■ **ENTRIES SUPPLIED**

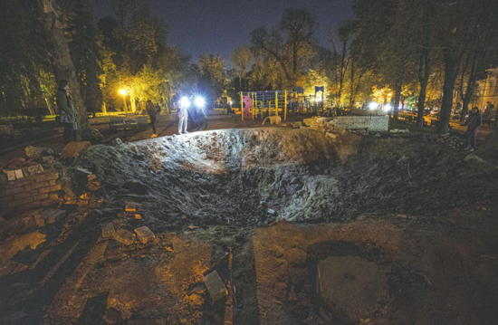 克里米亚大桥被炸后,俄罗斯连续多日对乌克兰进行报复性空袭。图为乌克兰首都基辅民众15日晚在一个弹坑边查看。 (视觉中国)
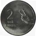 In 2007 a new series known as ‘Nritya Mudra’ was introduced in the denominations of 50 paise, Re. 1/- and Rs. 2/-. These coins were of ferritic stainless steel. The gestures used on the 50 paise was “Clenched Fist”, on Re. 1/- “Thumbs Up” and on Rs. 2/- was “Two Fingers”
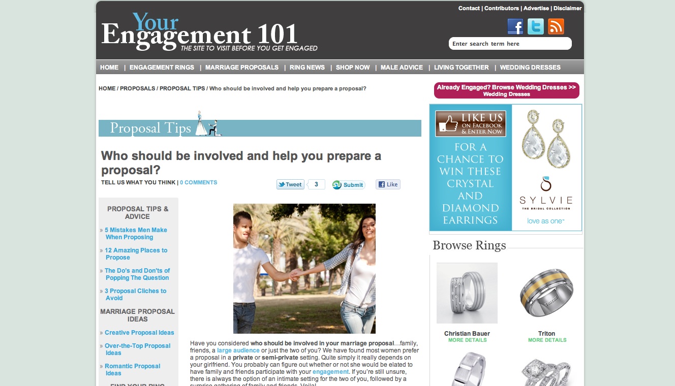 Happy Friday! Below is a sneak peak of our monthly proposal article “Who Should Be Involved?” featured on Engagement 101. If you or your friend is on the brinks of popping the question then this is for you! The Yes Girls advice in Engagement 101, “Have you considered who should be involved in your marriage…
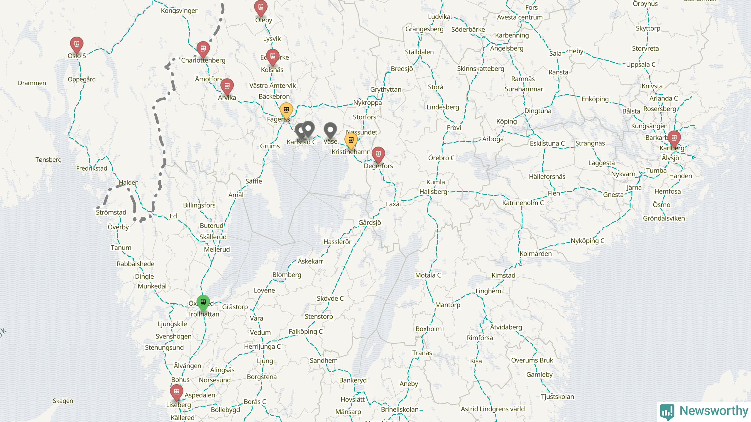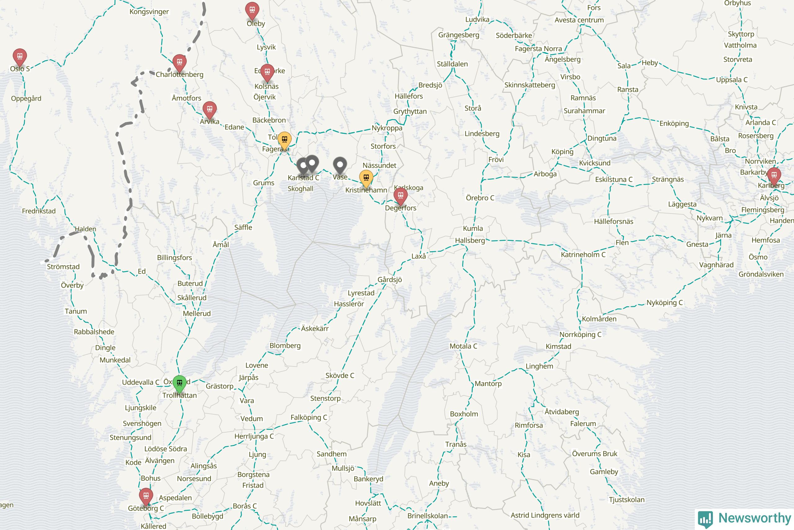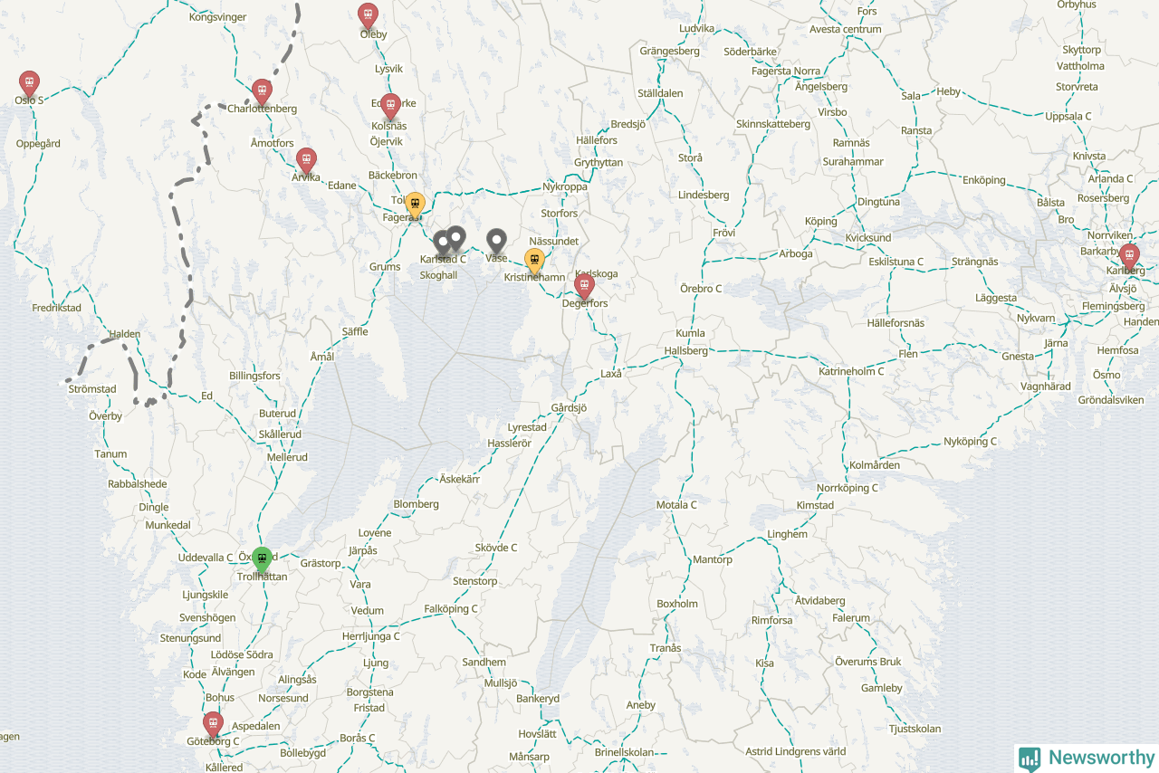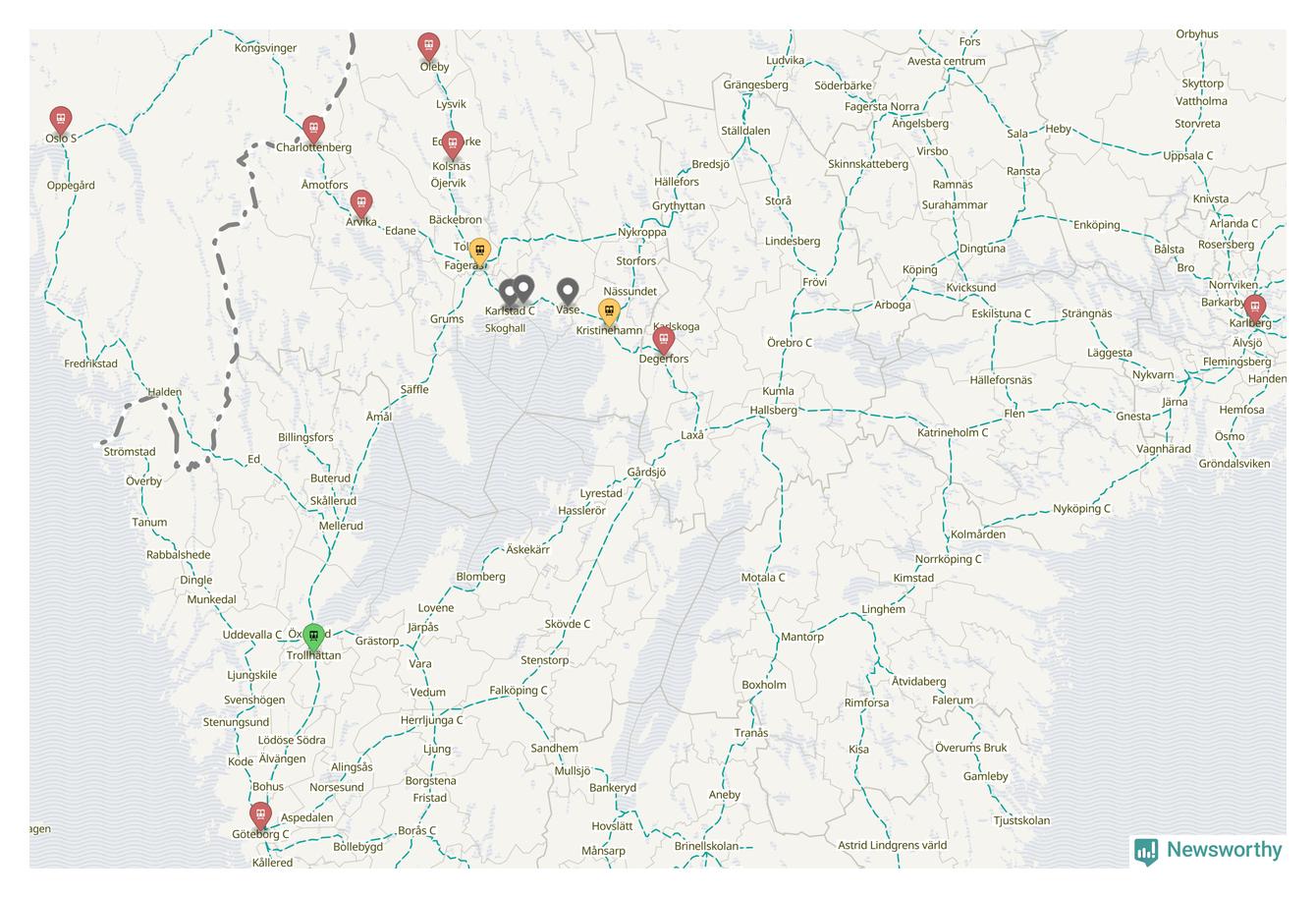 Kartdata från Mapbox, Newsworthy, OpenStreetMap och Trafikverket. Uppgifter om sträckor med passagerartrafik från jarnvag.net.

--

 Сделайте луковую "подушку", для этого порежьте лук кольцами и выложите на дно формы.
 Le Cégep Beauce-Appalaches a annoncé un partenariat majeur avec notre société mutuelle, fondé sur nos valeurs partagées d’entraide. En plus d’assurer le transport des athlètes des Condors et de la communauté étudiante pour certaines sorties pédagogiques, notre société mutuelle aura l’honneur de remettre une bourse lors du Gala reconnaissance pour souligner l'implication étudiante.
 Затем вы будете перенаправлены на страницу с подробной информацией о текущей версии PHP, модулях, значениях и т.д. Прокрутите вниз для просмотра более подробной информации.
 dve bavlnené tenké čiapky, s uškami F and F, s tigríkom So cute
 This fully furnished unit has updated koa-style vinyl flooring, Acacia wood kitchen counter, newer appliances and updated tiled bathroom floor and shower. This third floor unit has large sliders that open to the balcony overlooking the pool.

■ **WORK REQUEST**
A word-for-word reproduction is needed of the lines above from the line containing "克里米亚大桥被炸后,俄罗斯连" through the line containing "Kartdata från Mapbox, Newsworthy, OpenStreetMap", with both ends kept and no pictures.

■ **RESULT OF THIS EXERCISE**
 克里米亚大桥被炸后,俄罗斯连续多日对乌克兰进行报复性空袭。图为乌克兰首都基辅民众15日晚在一个弹坑边查看。 (视觉中国)
 In 2007 a new series known as ‘Nritya Mudra’ was introduced in the denominations of 50 paise, Re. 1/- and Rs. 2/-. These coins were of ferritic stainless steel. The gestures used on the 50 paise was “Clenched Fist”, on Re. 1/- “Thumbs Up” and on Rs. 2/- was “Two Fingers”
 Happy Friday! Below is a sneak peak of our monthly proposal article “Who Should Be Involved?” featured on Engagement 101. If you or your friend is on the brinks of popping the question then this is for you! The Yes Girls advice in Engagement 101, “Have you considered who should be involved in your marriage…
 Kartdata från Mapbox, Newsworthy, OpenStreetMap och Trafikverket. Uppgifter om sträckor med passagerartrafik från jarnvag.net.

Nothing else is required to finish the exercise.